**Records provided:**
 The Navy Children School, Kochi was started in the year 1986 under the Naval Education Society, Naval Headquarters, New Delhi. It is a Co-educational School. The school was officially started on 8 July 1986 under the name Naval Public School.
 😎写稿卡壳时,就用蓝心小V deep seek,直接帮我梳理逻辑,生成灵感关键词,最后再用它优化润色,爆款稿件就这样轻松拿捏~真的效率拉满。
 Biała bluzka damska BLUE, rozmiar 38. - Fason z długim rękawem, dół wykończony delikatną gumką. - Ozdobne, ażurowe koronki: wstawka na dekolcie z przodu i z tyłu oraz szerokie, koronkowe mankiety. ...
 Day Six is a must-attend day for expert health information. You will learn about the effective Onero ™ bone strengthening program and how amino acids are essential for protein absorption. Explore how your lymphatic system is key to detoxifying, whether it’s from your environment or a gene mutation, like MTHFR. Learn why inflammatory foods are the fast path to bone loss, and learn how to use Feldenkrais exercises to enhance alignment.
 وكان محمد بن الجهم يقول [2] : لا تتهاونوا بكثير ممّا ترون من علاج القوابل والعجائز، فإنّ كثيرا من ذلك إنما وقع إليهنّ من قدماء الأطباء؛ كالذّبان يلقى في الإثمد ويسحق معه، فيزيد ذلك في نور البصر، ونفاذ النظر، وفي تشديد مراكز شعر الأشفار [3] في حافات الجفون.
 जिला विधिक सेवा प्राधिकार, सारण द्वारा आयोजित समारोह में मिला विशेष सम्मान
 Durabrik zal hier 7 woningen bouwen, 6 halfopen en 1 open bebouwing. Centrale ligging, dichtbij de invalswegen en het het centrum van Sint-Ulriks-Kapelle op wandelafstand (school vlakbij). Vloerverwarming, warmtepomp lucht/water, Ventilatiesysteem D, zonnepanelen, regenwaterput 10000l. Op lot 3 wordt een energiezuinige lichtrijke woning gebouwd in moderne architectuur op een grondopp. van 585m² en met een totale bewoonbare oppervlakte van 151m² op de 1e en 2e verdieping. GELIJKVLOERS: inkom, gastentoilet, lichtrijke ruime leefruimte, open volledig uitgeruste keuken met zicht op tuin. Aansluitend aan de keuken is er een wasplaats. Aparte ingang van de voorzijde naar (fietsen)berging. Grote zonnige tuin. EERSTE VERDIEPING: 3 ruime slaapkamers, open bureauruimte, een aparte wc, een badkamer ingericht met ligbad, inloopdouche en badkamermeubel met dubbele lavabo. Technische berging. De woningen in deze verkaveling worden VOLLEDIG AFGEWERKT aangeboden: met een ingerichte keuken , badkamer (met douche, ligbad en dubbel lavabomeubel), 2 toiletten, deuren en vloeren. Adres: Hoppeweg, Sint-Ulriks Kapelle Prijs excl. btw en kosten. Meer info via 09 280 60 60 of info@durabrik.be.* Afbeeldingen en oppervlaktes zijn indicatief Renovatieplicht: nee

**Required action:** Restate, word for word and with nothing added, the lines from the first line of the listing through the one where "Biała bluzka damska" stands.

**Exercise output:**
 The Navy Children School, Kochi was started in the year 1986 under the Naval Education Society, Naval Headquarters, New Delhi. It is a Co-educational School. The school was officially started on 8 July 1986 under the name Naval Public School.
 😎写稿卡壳时,就用蓝心小V deep seek,直接帮我梳理逻辑,生成灵感关键词,最后再用它优化润色,爆款稿件就这样轻松拿捏~真的效率拉满。
 Biała bluzka damska BLUE, rozmiar 38. - Fason z długim rękawem, dół wykończony delikatną gumką. - Ozdobne, ażurowe koronki: wstawka na dekolcie z przodu i z tyłu oraz szerokie, koronkowe mankiety. ...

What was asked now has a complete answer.